Sing Along with Sequence Knitting

When I was running errands last week, “Takin’ Care of Business” by Bachman Turner Overdrive came on the radio. I surprised myself by—probably decades after the last time I listened to the whole song—singing along and still knowing all the words.

I giggled, remembering how I used to belt out that song in the back seat of my mom’s car.

There is something about a remembered song that lifts me up and settles me down, even if I’m wailing along about a broken heart. These are the songs where you don’t think, you just open your mouth and sing, and it’s all there. Sequence knitting is like that in knitting for me.

Sequence knitting may be the perfect type of knitting for dark winter days, or dark days in general. Step into it cautiously—you may not be able to stop.

Versatile and intuitive

It’s easy to work sequence knitting at different gauges, easy to change sizes, especially if you knit scarves and shawls. The stitch patterns are easy to memorize, so the knitting becomes a rhythm almost instantly. Before you know it, you’re knitting as easily as singing.

And sequence knitting is a great way to experiment with yarns. Use a special skein or a mini or advent kits, sock yarn or chunky—they all work beautifully. It’s also a great way to play and experiment with color combinations or doubling or tripling yarns. You can imagine why I love it.

I recently spent the weekend playing with sequence knitting, I used the pattern Conversing from Cecelia Campochiaro’s new pattern release Three Sequence Knitting Shawls for my swatches. These three patterns for scarves and shawls are a great place to start (or stay) with sequence knitting. Kay did a bit of Anywhere shawl show-and-tell here.

If you want more sequences and shapes to play with, MDK Field Guide 5: Sequences has four designs that beautifully demonstrate what sequences do across the canvases of a wrap, scarf, a hat, and a festive bit of bunting. In both the Field Guide and in her new collection of shawls, Cecelia distills concepts from her book Sequence Knitting that showcases sequence knitted fabrics in over 40 patterns.

Swatch and see

Rowan Felted Tweed and Neighborhood Fiber Company Rustic Fingering

I started my adventure with two favorite yarns. Neighborhood Fiber Company Rustic Fingering and Rowan Felted Tweed. Using the same pattern with different types of yarns gives you a variety of looks.

Rustic Fingering is smooth, the stitches are defined, even though it’s a softly twisted single-ply yarn.

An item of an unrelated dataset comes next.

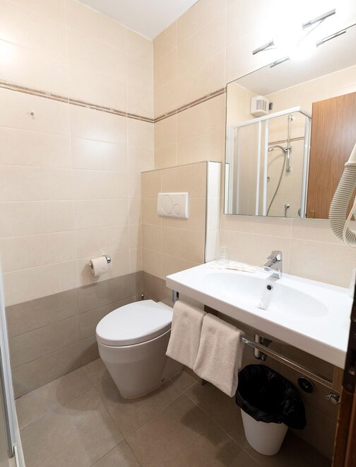 Do wskazanych cen należy doliczyć kwotę Taksę Miejską, obowiązkową zgodnie z prawem od 1 listopada 2015 roku. Taksę stosuje się do wszystkich Gości nietutejszych od 14. roku życia. Kwota wynosi € 1,50 za osobę za noc, maksymalnie przez 10 nocy, i musi być uregulowana bezpośrednio w Hotelu.Wyposażenie pokoju
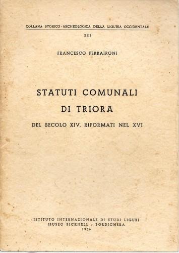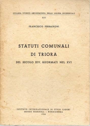 Statuti Comunali di Triora del secolo XIV, riformati nel XVI

You can see the pattern exactly, two rows of 2×2 ribbing and a garter ridge.

Felted Tweed has texture. It’s a little uneven, and while the pattern doesn’t disappear, it’s much less defined.

Comparing them side by side, you can see they are both beautiful but different. They maybe suit different moods. For me making a choice would be like choosing between Ella Fitzgerald with her smooth, soaring control, and Billie Holiday with her unique rhythm and that heartbreaking catch in her voice. You won’t be surprised to know Billie was my number-one listen for college breakups.

Let’s look at what I’ve dubbed the Campochiaro Combination. Sequence knitting is wonderful all on its own, but let’s marl it too!

Two strands of Felted Tweed. I wish you could feel the squish of this fabric. I’ve knit all these swatches at a looser gauge than I would for most garments. I want the drape and the softness. I thought the pattern would disappear entirely marling two colors. Because I choose two colors that are low contrast (similar on a gray scale), the pattern held visually.

Working Playing overtime

Next, I chose two yarns that were very different in texture and high contrast. I wish you could feel this swatch for the silkiness—it is so soft, I can’t quit petting it. This is Rustic Fingering and Kid Silk Haze held together. The fabric is busy, and may not be to everyone’s taste, but I think it’s dynamic and exciting. The pattern isn’t entirely lost; I can see where I made a mistake in the pattern, but it’s definitely obscure.

One last sample. I did warn you that it’s hard to stop. I grabbed a skein of handspun yarn (Polwarth/silk) that had a little too much twist in it, making it a little lively.

The marling resolved into some striping, and the twisty yarn makes the texture pop.

I’ll likely not block this when it’s done. I really like the wiggly texture of the fabric.

If you haven’t already, give sequence knitting a try. It may be just what you need to clear your stash, play with yarns, lift a somber mood, or pull you out of a knitting slump.